Living in a house without internet tends to do things to your blog post frequency.

It's been a happy week. I picked up Sebastian at the airport on Wednesday night and we drove down to Matt and Carrie's new place the next day. We're doing curriculum design for the craft of electronics which will run at Berea College in the fall, and Matt and Jan (his chair) and Danny (Berea student) have been fun to work with and to get to know, and the town is small and full of craft shops, and the woodwork is amazing; I've never seen such beautifully carved pushsticks for the bandsaw. This is a place where vent plugs are turned on a lathe and hand-carved with the college logo. Holy cow.
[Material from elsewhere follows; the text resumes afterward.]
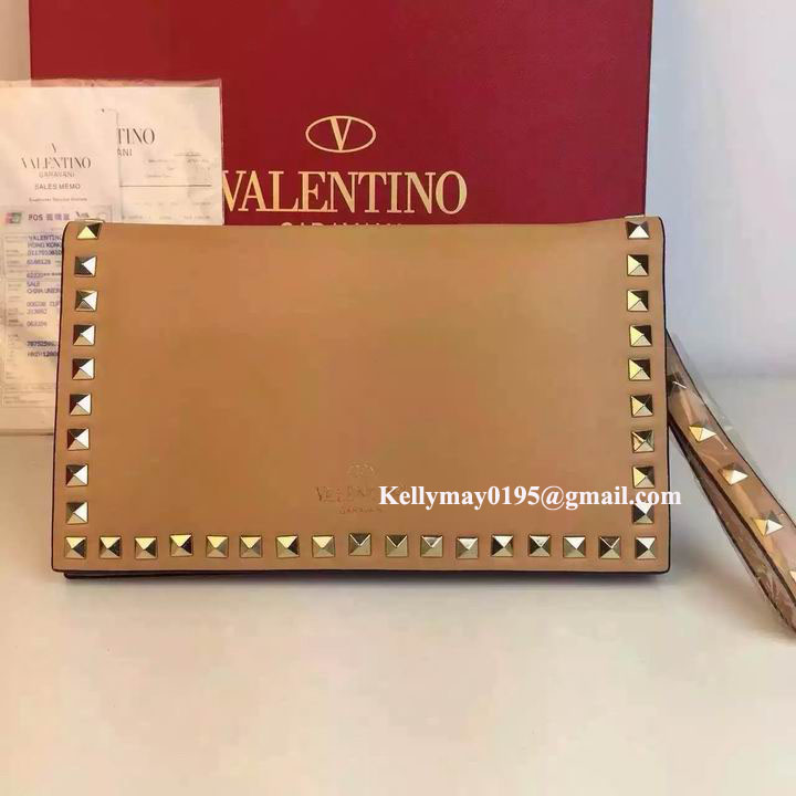 Product Name: Valentino Garavani 9782 Rockstud Leather Clutch Bag apricot
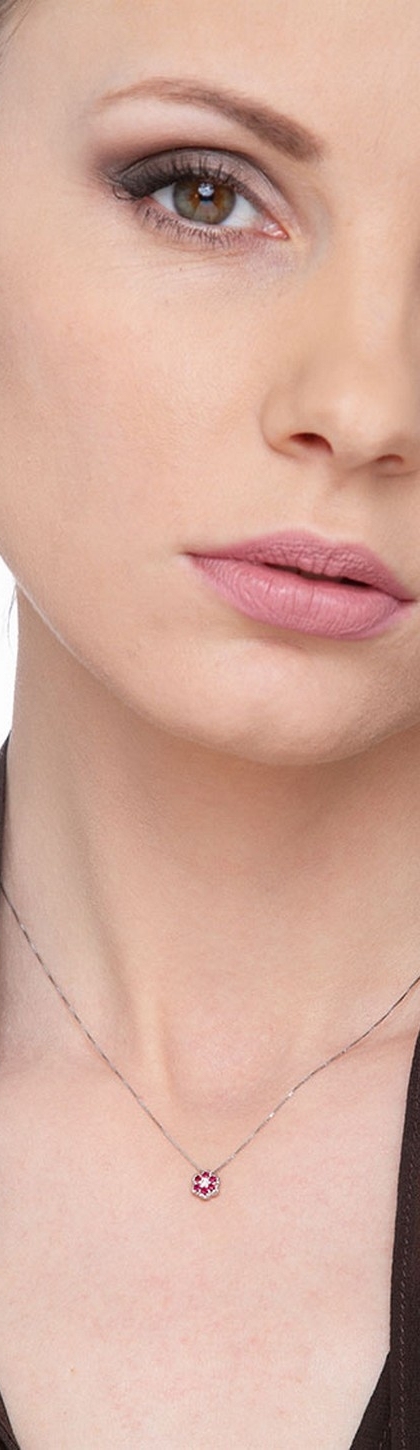 Collier en or blanc 18 carats avec pendentif en forme de fleur d’environ 6 mm de diametre. Diamant taille brillant, couleur H, purete VS, entoure de rubis taille brillant. Un bijou elegant qui sublime votre beaute avec une touche de couleur et d’eclat

The Jaduds live in a house right by the college; they arrived at their new house exactly 3 days before we did, so everything is slowly being unpacked, and (as previously mentioned) internet is nonexistent. But we've seen the local market (amazing tomatoes) and gotten stuffed at the Indian buffet and acquired more amusing phrases, like transitionfish and the gerbil of boldness.

Transitionfish was originally tilapia, purchased for dinner one night and explained by Matt as a "good transition fish" to expose the (not-particularly-fish-loving) Sebastian to more seafood. #transitionfish would make a good hashtag, I said. We giggled, and began applying the phrase to conversational lulls or topic shifts. "But enough about dinner. How about our learning objectives? #transitionfish."

Gerbil of Boldness: another dinner (Sebastian's birthday -- the Jaduds introduced us both to a tiny whiskey tasting) wherein I asked Matt when he had learned how to Be Bold. A thoughtful look came across his face, and he said, "you know, I'd never thought about this... but my freshman year... one night... I was in my room, and... I was bitten by my roommate's gerbil. And the next morning, THE BITE WAS GONE, AND MAGICALLY--"

Now, Matthew Jr. happens to have a small stuffed gerbil. It is now the Gerbil of Boldness, and to be bitten by it is a transition(fish) experience that we are trying to figure out how to cultivate...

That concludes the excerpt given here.